* [TASK OBJECTIVE]
None of the images should appear in your copy. Transcribe the data in full.

* [GIVEN MATERIAL]

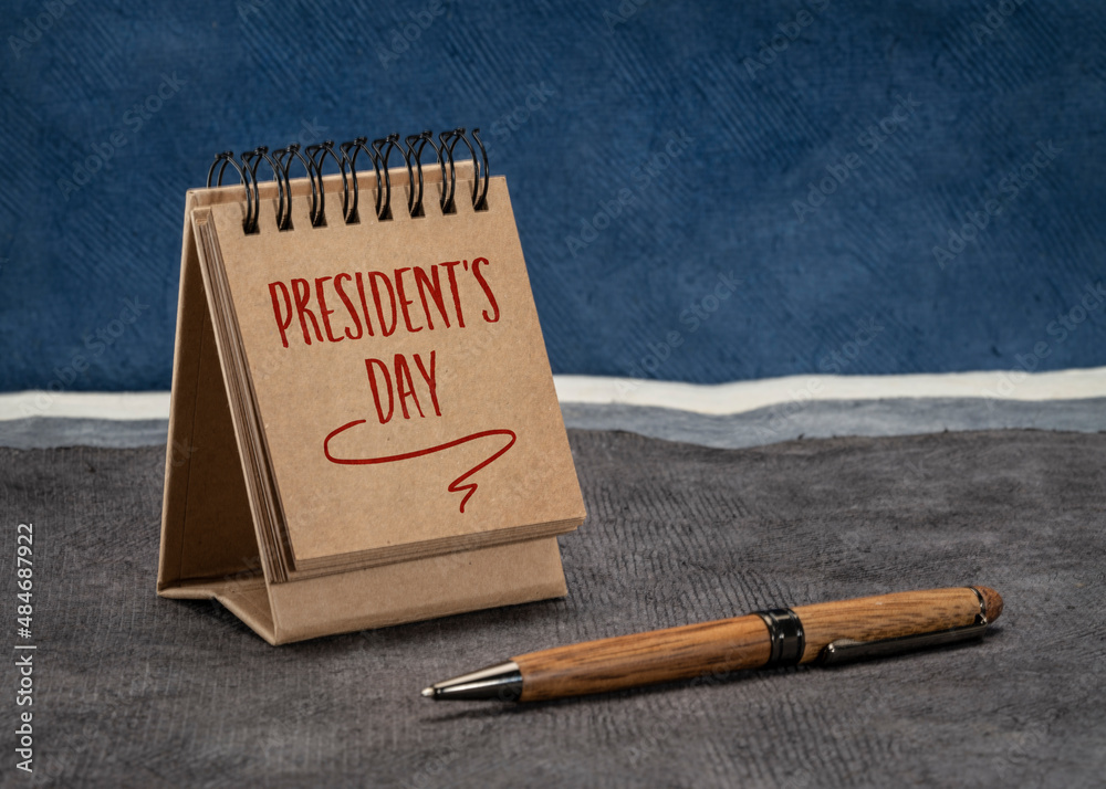 President's Day, the birthday of George Washington - handwriting in a spiral desktop calendar against abstract paper landscape, calendar concept
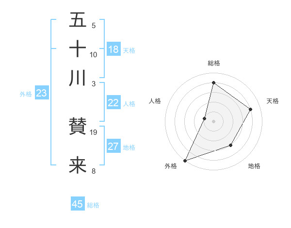 五十川 賛来さんを姓名の画数から五運を鑑定
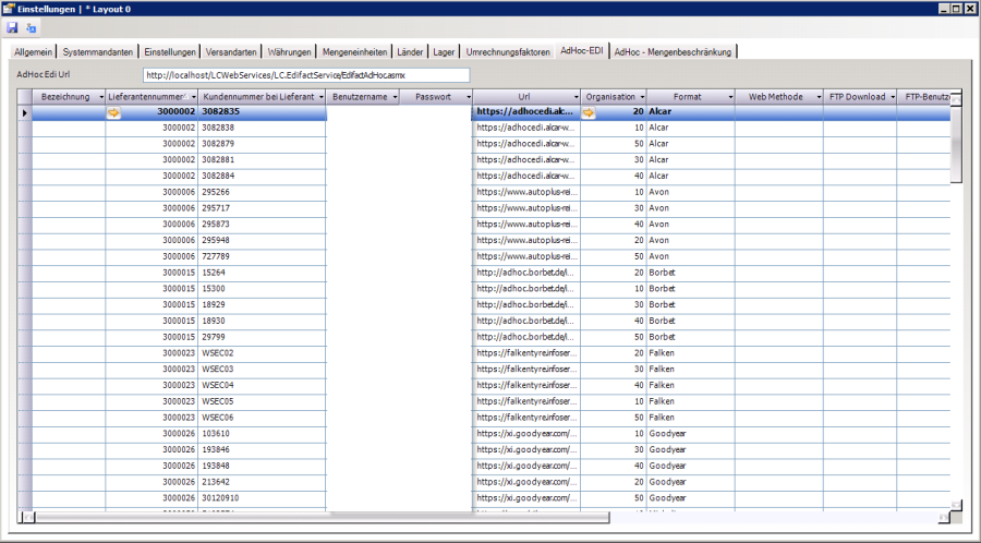 Die Zugangsdaten sind in den Edifact-Einstellungen zu hinterlegen. Das Fenster findet sich in der Navigation unter Zusatzprogramme, Knoten Edifact. Öffnen Sie das Fenster Einstellungen und navigieren zur Karteikarte AdHoc-EDI.

* [TASK SOLUTION]
 President's Day, the birthday of George Washington - handwriting in a spiral desktop calendar against abstract paper landscape, calendar concept
 五十川 賛来さんを姓名の画数から五運を鑑定
 Die Zugangsdaten sind in den Edifact-Einstellungen zu hinterlegen. Das Fenster findet sich in der Navigation unter Zusatzprogramme, Knoten Edifact. Öffnen Sie das Fenster Einstellungen und navigieren zur Karteikarte AdHoc-EDI.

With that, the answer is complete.